Interobserver agreement regarding image analysis was evaluated with kappa (κ) statistics and intraclass correlation coefficients (ICCs). Kappa values were indicated as follows: less than 0.20, poor agreement; 0.21–0.40, fair agreement; 0.41–0.60, moderate agreement; 0.61–0.80, good agreement; and greater than 0.81, excellent agreement. ICC results were interpreted according to the following criteria: poor (ICC <0.50), moderate (ICC=0.50–0.74), good (ICC=0.75–0.90), and excellent (ICC>0.90) [14].
To evaluate the independent predictors of success rates for tumor localization, we used binary logistic regression analysis. We measured the receiver operating characteristic (ROC) curve to evaluate the accuracy of pre-operative ACTH as a tool for determining the success of localization. The Youden index, a function of sensitivity and specificity, was calculated to identify the optimal cutoff point. The index ranges from 0 to 1, where a value closer to 1 indicates better performance of the test in distinguishing between conditions. Statistical analyses were performed using SPSS software version 18 (SPSS Inc., Chicago, IL, USA). Statistical significance was set at P<0.05.
Patients’ characteristics
The baseline characteristics of the patients included in this study are shown in Table 1. The median age of the 30 patients at diagnosis was 34 years (range, 15 to 68). Most patients were women (77%). The median adenoma size measured by MRI was 8.50 mm (range, 3.00 to 72.00). Eleven adenomas were macroadenomas and 19 were microadenomas. Moreover, 20 tumors showed no cavernous sinus invasion.

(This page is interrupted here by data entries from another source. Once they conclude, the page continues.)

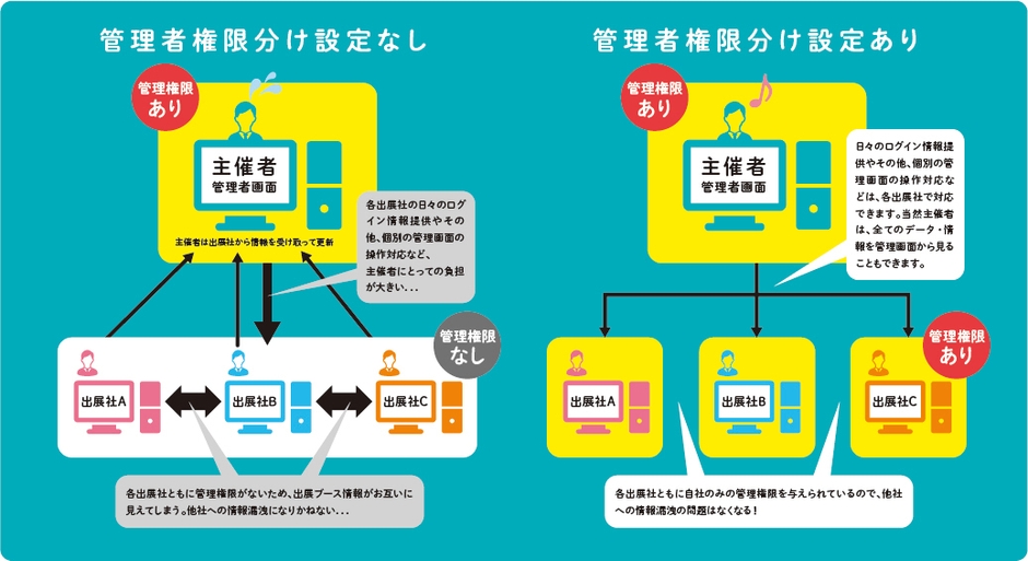 #1 合同展示会開催時、主催者の負担を大幅に削減する、「管理者権限分け設定」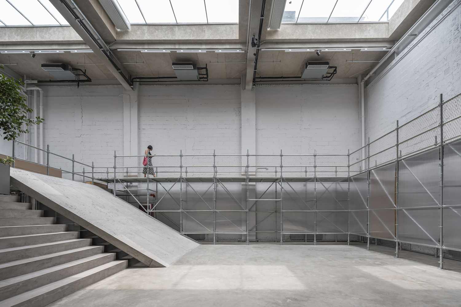 We maintained the original 9-meter high ceiling unaltered, while adding a slope on the ground. The slope rises directly on the floor, interrupting the original balance of stability and solidity offered by the ground. Thanks to the addition of the slope, we discreetly hid office, storage and other service spaces underneath it. We left a narrow fissure on the slope to reveal its actual structure, so that visitors may see that this bulging structure is indeed a board instead what would appear to be a sturdy block of concrete. This gap also serves as a line of connection between the exhibition hall and the backstage. We designed part of the slope as flight of steps, hoping to infuse the building with a vibrant humanistic touch, reminiscent of ancient theaters or lecture halls.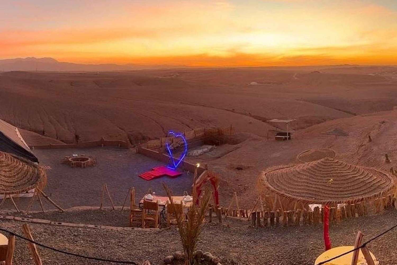 3089 AvisProfitez d'un dîner-spectacle magique dans le désert d'Agafay, juste à l'extérieur de Marrakech. Admirez le coucher du soleil à dos de chameau, puis savourez un délicieux repas sous une tente, suivi de musique locale et d'un spectacle de feu.

We classified the patients into two groups depending on focal pituitary DOTATOC uptake on 68Ga-DOTATOC PET/CT and compared their baseline characteristics (Table 1). We defined the DOTATOC uptake group as those who showed focal difference of DOTATOC uptake compared to adjacent tissues on 68Ga-DOTATOC PET/CT and the no-uptake group as those who did not. We presented DOTATOC images in Fig. 1. Five patients had no DOTATOC uptake on PET/CT images, although their tumors were pathologically confirmed. All members of the no-uptake group were female. The 24-hour UFC, pre-operative ACTH, and pre-operative cortisol levels were higher in the DOTATOC uptake group compared with the no-uptake group, but this difference was not statistically significant (694.60 µg/day vs. 456.20 µg/day, 84.30 pg/mL vs. 50.87 pg/mL, and 20.60 µg/dL vs. 17.90 µg/dL, respectively).
Comparison of 68Ga-DOTATOC PET/CT, MRI, and BIPSS in CD
We compared the success rates of localizing adenomas using 68Ga-DOTATOC PET/CT, MRI, and BIPSS, based on the location of adenomas identified by surgeons following TSA. All surgically identified adenomas were positive for ACTH immunoreactivity.

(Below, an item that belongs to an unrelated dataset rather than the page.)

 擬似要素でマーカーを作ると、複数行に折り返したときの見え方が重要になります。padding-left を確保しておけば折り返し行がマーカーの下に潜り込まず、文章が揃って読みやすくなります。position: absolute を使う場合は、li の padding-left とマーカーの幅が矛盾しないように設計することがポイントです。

The interobserver agreement for localizing adenomas was 0.903 (95% confidence interval [CI], 0.776 to 1.030) for DOTATOC PET/CT and 0.946 (95% CI, 0.842 to 1.050) for sellar MRI, confirming excellent interobserver agreement. The intraobserver agreement was also confirmed to be above 0.9, and the results were judged reliable. MRI, which is the standard for diagnosis, successfully localized pituitary tumors in 90.00% of patients with CD. In comparison, 77% of PET and 68% of BIPSS were successful in localizing tumors. The success rates of these three methods were not statistically different for the localization of ACTH-secreting pituitary tumors (P=0.127). For microadenomas, MRI showed a success rate of 84% for localization compared to 74% with 68Ga-DOTATOC PET/CT and 63% with BIPSS (P=0.401).
Regarding MRI, the success rate of localization was 100% for macroadenomas but decreased to 84% for microadenomas. This difference was not statistically significant (P=0.239) (Table 2). 68Ga-DOTATOC PET/CT and BIPSS did not show differences in the success rates of localizing macroadenomas and microadenomas.
False-positive cases for localizing corticotroph adenomas on 68Ga-DOTATOC PET/CT
The qualitative analysis of tumor localization for CD is presented in Table 3. There were two cases with false-positive DOTATOC uptake for pituitary adenoma localization in our study.
The first case (case 29) had a T2 hyperintense adenoma suspicious lesion on the left wing of the pituitary gland on MRI, and DOTATOC uptake was shown in the left side of the pituitary gland. BIPSS revealed a central tumor, lateralized to the right side of the pituitary. The surgeon identified a solid tumor on the right side of the pituitary gland and successfully removed it. Results of pathology and ACTH immunohistochemistry identified an ACTH-secreting pituitary tumor.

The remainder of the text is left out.